Что такое быть сапером или связистом и тащить катушку? А танки? Сидишь в коробке и знаешь, что если тебя подобьют, то все. На Курской дуге был подбит танк, который вела женщина. Так она выскочила, немцы пытались окружить махину. Экипаж вступил в перестрелку, и их отбили, спасли. А что такое – держать аэростат в ПВО, такую махину? Многие после войны были не способны иметь семью и детей.

М.И. Калинин вручает правительственную награду А.И. Масловской

– Многие этих детей теряли. Всех разом.

– Да, можно вспомнить историю Епистинии Степановой, у которой было 9 сыновей, и все они погибли. Вернулся только один, и прожил недолго.

Женщин не надо смешивать с грязью, а просто отдавать им должное. Потому что женщины, которые прошли фронт, не могли иметь детей – от переохлаждения, от поднятия тяжестей, потеряв любимых, они не могли создать семью.

Мы должны относиться уважительно. Как бы они ни были мужественны, все-таки они представители слабого пола. Женщины заслужили благодарное и нежное отношение.

Я не за то, чтобы нагнетать ужасы, особенно в праздничные дни. Я думаю, что 9 мая – великий день, и мы должны, отдавая дань и память павшим, говорить, что жизнь продолжается.
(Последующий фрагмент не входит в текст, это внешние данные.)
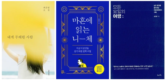 내가 고를 차례는 3번째. 이미 앞에 두 사람이 책을 골라갔고 나의 선택권은 세 권 중 하나였다. 내게 무해한 사람, 마흔에 읽는 니체, 모든 요일의 여행. 누가 무슨 책을 가지고 왔는지 도무지 알 수가 없었다. 그래서 더 재미있는 것일지도. 아무튼, 고민 끝에 마흔에 읽는 니체를 선택했다. 최근에 나갔던 독서 모임에서 철학에 대한 스스로의 무지함을 느꼈기 때문에 철학을 읽어봐야겠다고 생각한 시기였다. 여자들의 책이 모두 선택되고 나서 드디어 남자들의 책이 공개되었다. 누가 가져왔을지 모를 책을 선택하는 것보다 내가 가져온 책을 누가 선택할지가 더 떨리는 것 같았다. 그래서, 내가 가져온 인생책은 뭐였냐고?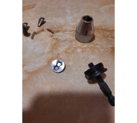 Поделка поработала немного и начала самоуничтожаться. Опорная тарелка для губок из пластилина, при деформации не зажимает губки ровно, резьба встает раком и получается фигурная резьба сверлом. Сверло 3мм зажимает нормально, если сверло закусит, поделка с него легко снимается рукой, зато сверло не ломает) если бы не позорное исполнение, для импакта хорошая оснастка. Гарантии на это великолепие нет, мой экземпляр полетел в мусорку.

Я всегда привожу в пример письмо одного офицера. Что его потрясло, когда он освобождал одно из сел Белоруссии. Тишина, населения не видно, люди боятся выходить. В этой звенящей тишине по широкой сельской улице идет курица, а за ней цыплята. И все солдаты останавливаются и уступают дорогу этому живому существу.
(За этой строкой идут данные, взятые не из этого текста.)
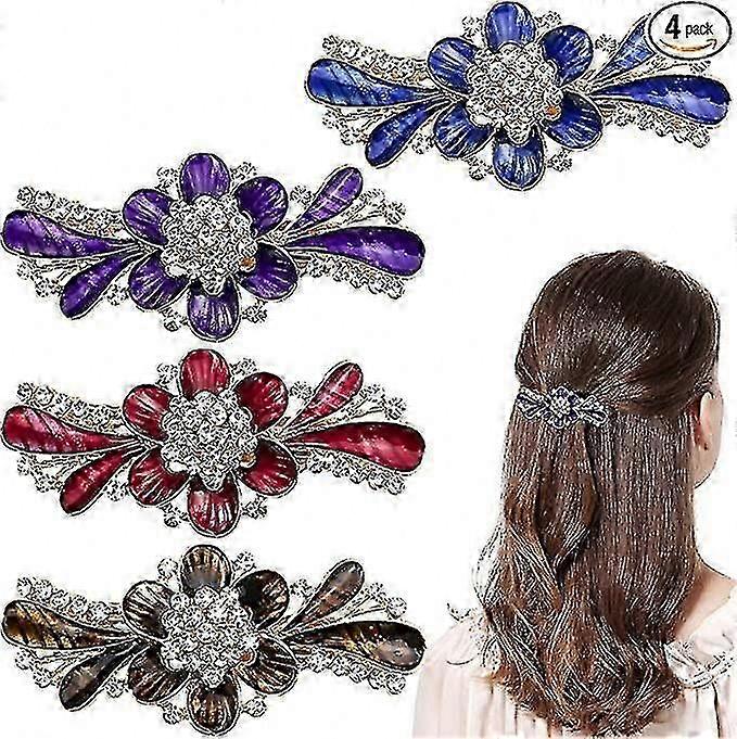 KINZON French Retro Hair Clips Set with Flowers, Rhinestones, Crystals, and Metal

И это пишет человек, у которого было всего 15-20 минут, он не знал, останется ли он жив или его снимет снайпер. Я всегда преклоняюсь перед мужеством и разумностью тех, кто воевал. Они умели и ненавидеть, и прощать, и любить.

Нина Петрова. Фото: Ефим Эрихман

«Доченька, я тебе собрала узелок. Уходи… Уходи… У тебя еще две младших сестры растут. Кто их замуж возьмет? Все знают, что ты четыре года была на фронте, с мужчинами…»

Правда про женщин на войне, о которой не писали в газетах…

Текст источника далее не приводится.